== Segment start ==

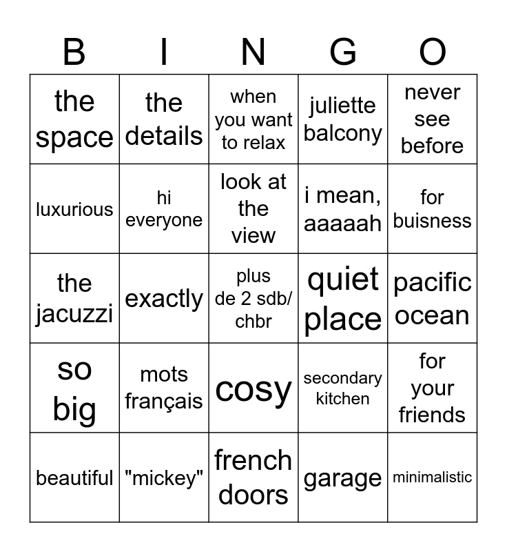 This bingo card has a free space and 24 words: mots français, "mickey", look at the view, beautiful, never see before, the space, luxurious, the details, quiet place, cosy, i mean, aaaaah, the jacuzzi, secondary kitchen, for your friends, hi everyone, garage, pacific ocean, when you want to relax, for buisness, exactly, minimalistic, so big, juliette balcony and french doors.
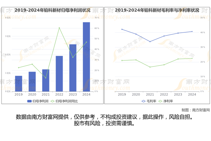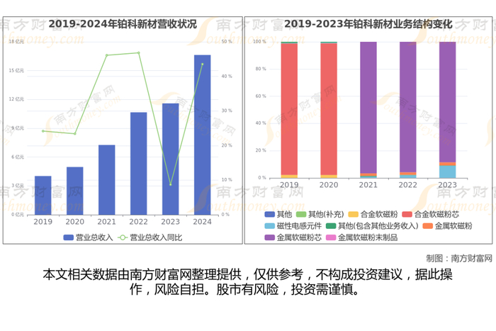 铂科新材年报数据显示(如上图),2024年实现营业总收入16.63亿,同比增长43.54%,近5年复合年增长率35.26%。
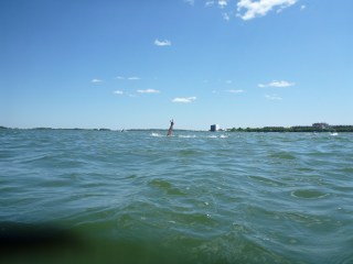 Swam in the Jim Doty Memorial Swim. Jim was an older New England open water swimmer that reinvigorated open water swimming in the Boston harbor and the Boston Light Swim. He died last year. I never met him. This swim is hosted by his family in his honor.

== Segment end ==

The problem:
Stop at the line containing "铂科新材年报数据显示(如上图" and include it. Everything from the first line of the material up to there is to be repeated exactly, leaving out pictures.

Solution to this exercise:
 This bingo card has a free space and 24 words: mots français, "mickey", look at the view, beautiful, never see before, the space, luxurious, the details, quiet place, cosy, i mean, aaaaah, the jacuzzi, secondary kitchen, for your friends, hi everyone, garage, pacific ocean, when you want to relax, for buisness, exactly, minimalistic, so big, juliette balcony and french doors.
 铂科新材年报数据显示(如上图),2024年实现营业总收入16.63亿,同比增长43.54%,近5年复合年增长率35.26%。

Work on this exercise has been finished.